↓

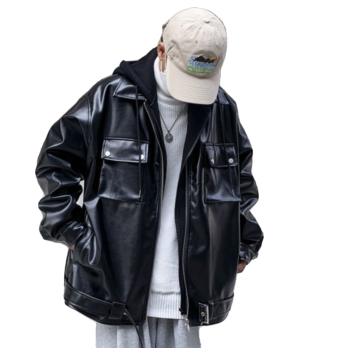 春秋季皮衣外套男宽松港风假两件pu皮夹克潮流痞帅高街机车服上衣
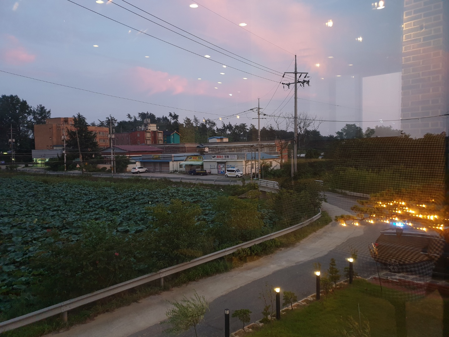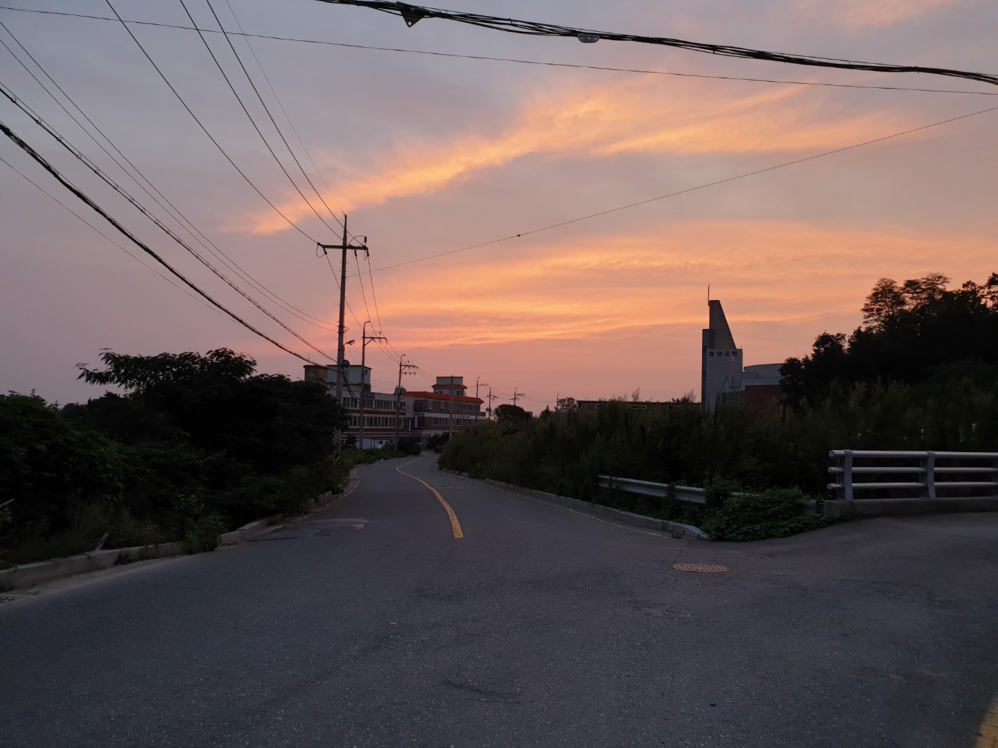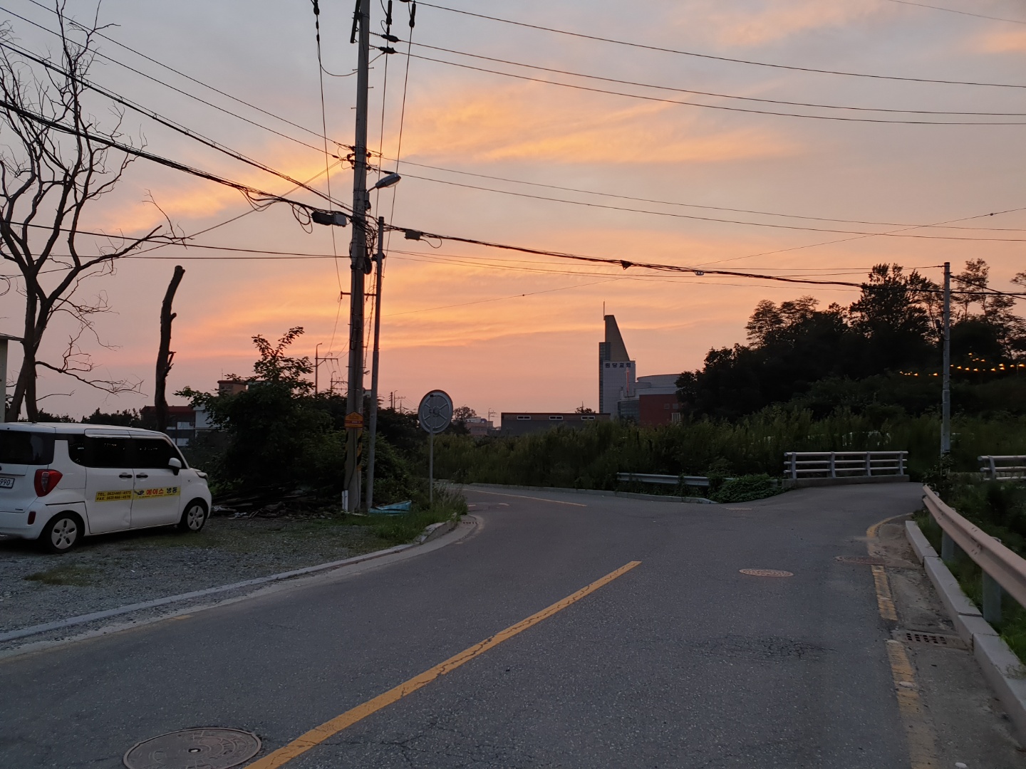 저수지 옆 도로를 걷는 도중 서쪽의 노을을 바라본다. 한여름의 붉은 노을은 많은 생각을 이끈다. 해가 지는 쪽에는 그 바다가 있을 것이고, 바다를 떠올리면 보랏빛 배경 이미 지나간 볕을 받아 노랗게 반짝이는 구름이 부럽다.
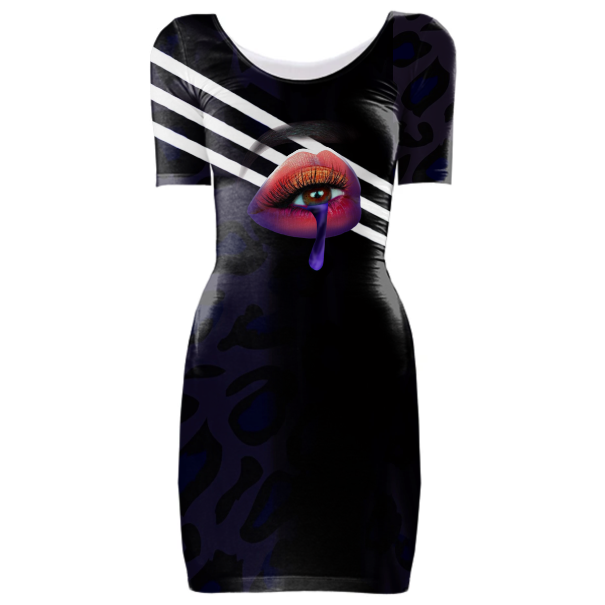Tight fit scoop neck bodycon dress with set-in sleeves.
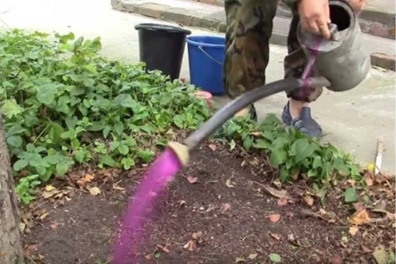 Разводим марганцовку в воде: на 8–10 литров воды берем чайную ложку порошка. Хорошенько перемешиваем — раствор должен получиться насыщенного розового оттенка, но не слишком темным.
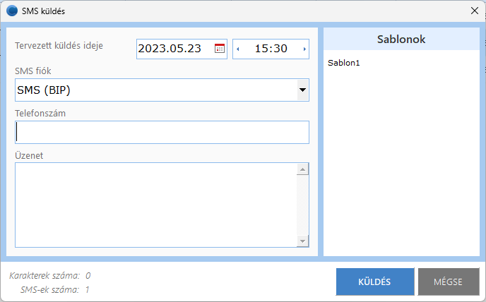Egyedi SMS: A felugró ablakot értelemszerűen kitöltve küldhetünk SMS-t egy telefonszámra.

↑

:: TO DO ::
The reply should hold the lines from the top of the records through the line containing "Разводим марганцовку в", reproduced exactly, and no pictures.

:: RESULT OF THIS TASK ::
 春秋季皮衣外套男宽松港风假两件pu皮夹克潮流痞帅高街机车服上衣
 저수지 옆 도로를 걷는 도중 서쪽의 노을을 바라본다. 한여름의 붉은 노을은 많은 생각을 이끈다. 해가 지는 쪽에는 그 바다가 있을 것이고, 바다를 떠올리면 보랏빛 배경 이미 지나간 볕을 받아 노랗게 반짝이는 구름이 부럽다.
Tight fit scoop neck bodycon dress with set-in sleeves.
 Разводим марганцовку в воде: на 8–10 литров воды берем чайную ложку порошка. Хорошенько перемешиваем — раствор должен получиться насыщенного розового оттенка, но не слишком темным.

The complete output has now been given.